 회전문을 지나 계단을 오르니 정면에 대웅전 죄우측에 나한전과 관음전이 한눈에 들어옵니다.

* * *

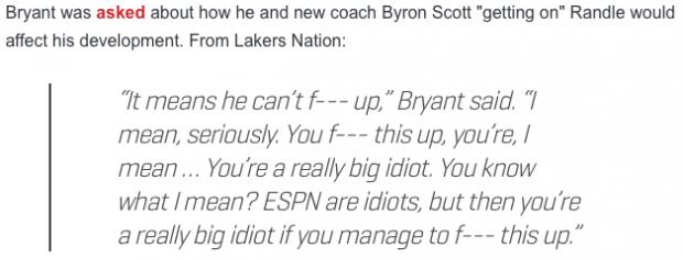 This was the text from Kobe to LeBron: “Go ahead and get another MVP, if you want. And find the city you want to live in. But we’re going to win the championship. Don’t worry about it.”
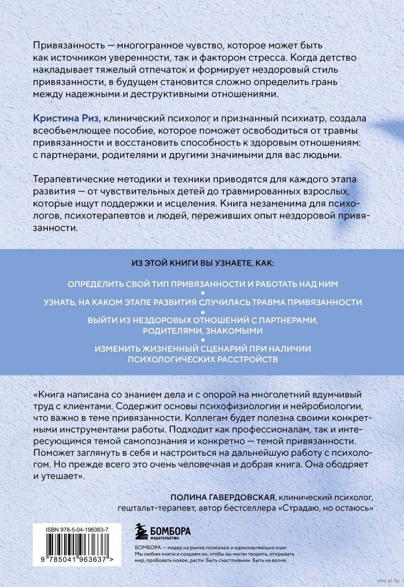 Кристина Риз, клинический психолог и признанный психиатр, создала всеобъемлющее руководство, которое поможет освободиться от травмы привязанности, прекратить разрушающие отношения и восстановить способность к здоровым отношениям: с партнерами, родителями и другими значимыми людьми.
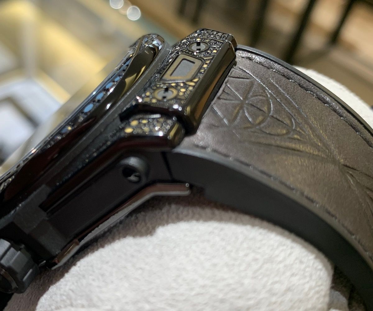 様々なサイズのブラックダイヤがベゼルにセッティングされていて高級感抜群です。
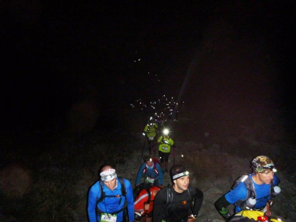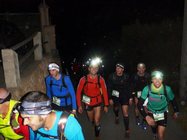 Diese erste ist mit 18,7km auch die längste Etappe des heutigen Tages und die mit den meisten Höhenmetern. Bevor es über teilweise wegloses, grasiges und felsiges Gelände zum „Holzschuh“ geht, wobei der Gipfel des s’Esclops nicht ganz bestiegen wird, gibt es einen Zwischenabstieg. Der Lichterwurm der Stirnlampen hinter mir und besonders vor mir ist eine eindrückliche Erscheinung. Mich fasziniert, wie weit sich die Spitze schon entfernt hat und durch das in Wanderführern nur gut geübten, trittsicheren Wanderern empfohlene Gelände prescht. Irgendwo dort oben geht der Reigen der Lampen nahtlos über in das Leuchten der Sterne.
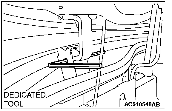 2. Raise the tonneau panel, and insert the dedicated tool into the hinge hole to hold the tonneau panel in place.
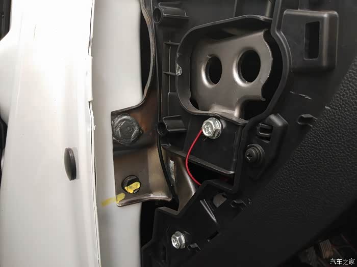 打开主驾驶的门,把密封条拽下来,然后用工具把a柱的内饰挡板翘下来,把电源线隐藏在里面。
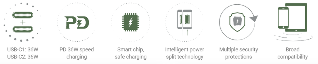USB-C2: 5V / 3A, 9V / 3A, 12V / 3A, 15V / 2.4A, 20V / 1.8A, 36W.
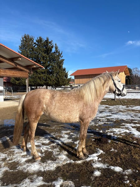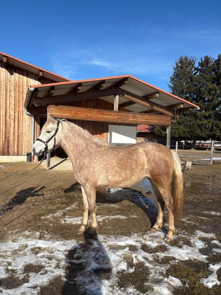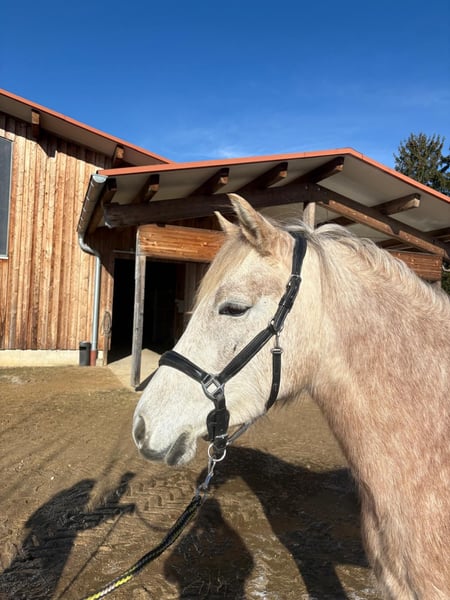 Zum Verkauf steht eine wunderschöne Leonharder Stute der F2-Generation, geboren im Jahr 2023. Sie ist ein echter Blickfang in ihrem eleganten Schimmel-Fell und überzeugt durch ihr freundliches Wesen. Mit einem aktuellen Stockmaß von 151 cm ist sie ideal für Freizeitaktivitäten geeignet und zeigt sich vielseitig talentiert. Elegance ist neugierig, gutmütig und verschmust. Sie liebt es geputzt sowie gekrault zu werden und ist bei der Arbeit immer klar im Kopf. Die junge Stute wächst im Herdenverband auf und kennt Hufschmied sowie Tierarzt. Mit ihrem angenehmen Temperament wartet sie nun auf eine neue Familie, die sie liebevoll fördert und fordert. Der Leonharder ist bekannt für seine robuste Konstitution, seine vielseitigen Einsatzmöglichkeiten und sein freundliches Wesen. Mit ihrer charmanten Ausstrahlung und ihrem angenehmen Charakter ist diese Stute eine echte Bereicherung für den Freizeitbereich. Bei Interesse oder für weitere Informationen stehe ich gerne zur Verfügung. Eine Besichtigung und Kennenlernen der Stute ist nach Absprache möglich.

- BRIEF
Using the records above, return word for word the lines that begin at the one containing "Diese erste ist" and end at the one containing "2. Raise the", both of them included and no pictures.

- WRITTEN ANSWER
 Diese erste ist mit 18,7km auch die längste Etappe des heutigen Tages und die mit den meisten Höhenmetern. Bevor es über teilweise wegloses, grasiges und felsiges Gelände zum „Holzschuh“ geht, wobei der Gipfel des s’Esclops nicht ganz bestiegen wird, gibt es einen Zwischenabstieg. Der Lichterwurm der Stirnlampen hinter mir und besonders vor mir ist eine eindrückliche Erscheinung. Mich fasziniert, wie weit sich die Spitze schon entfernt hat und durch das in Wanderführern nur gut geübten, trittsicheren Wanderern empfohlene Gelände prescht. Irgendwo dort oben geht der Reigen der Lampen nahtlos über in das Leuchten der Sterne.
 2. Raise the tonneau panel, and insert the dedicated tool into the hinge hole to hold the tonneau panel in place.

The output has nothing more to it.